Segment Start: LISTED ENTRIES
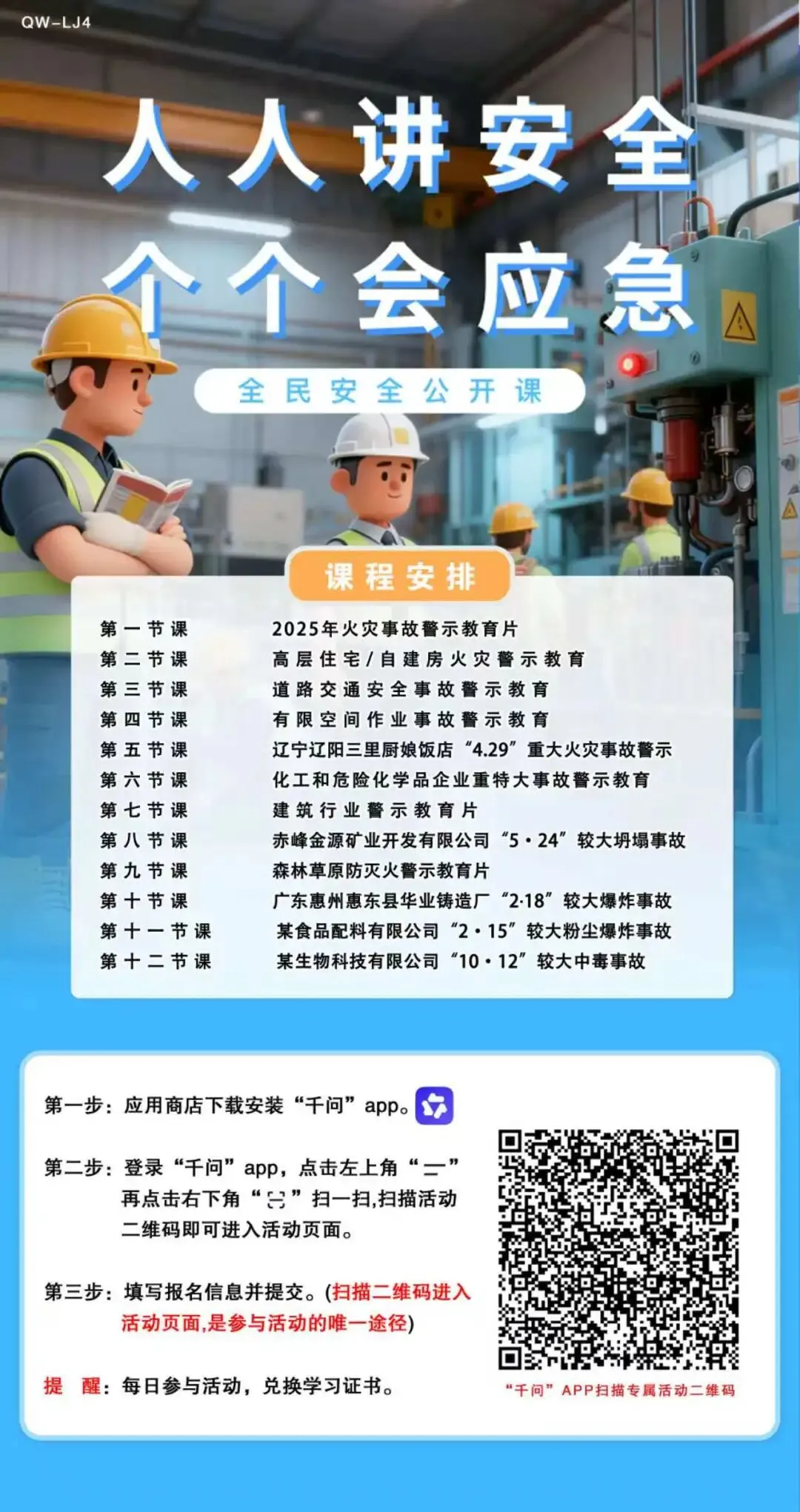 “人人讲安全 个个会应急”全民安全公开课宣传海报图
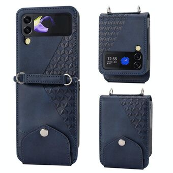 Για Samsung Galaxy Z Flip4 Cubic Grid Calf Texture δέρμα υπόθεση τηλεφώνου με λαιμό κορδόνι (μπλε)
Segment End: LISTED ENTRIES
Segment Start: LISTED ENTRIES
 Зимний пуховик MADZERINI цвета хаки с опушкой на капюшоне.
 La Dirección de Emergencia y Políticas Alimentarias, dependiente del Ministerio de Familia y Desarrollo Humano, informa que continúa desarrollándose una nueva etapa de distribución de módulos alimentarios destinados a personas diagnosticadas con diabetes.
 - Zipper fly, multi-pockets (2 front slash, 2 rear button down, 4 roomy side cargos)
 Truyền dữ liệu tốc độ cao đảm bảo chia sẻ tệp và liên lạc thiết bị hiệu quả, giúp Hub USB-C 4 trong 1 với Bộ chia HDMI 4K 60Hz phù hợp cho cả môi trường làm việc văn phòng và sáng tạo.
Segment End: LISTED ENTRIES
● WHAT IS BEING ASKED
Reproduce exactly the section above that begins at the line containing "- Zipper fly, multi-pockets" and ends at the line containing "Truyền dữ liệu", leaving out all other lines.

● ANSWER
 - Zipper fly, multi-pockets (2 front slash, 2 rear button down, 4 roomy side cargos)
 Truyền dữ liệu tốc độ cao đảm bảo chia sẻ tệp và liên lạc thiết bị hiệu quả, giúp Hub USB-C 4 trong 1 với Bộ chia HDMI 4K 60Hz phù hợp cho cả môi trường làm việc văn phòng và sáng tạo.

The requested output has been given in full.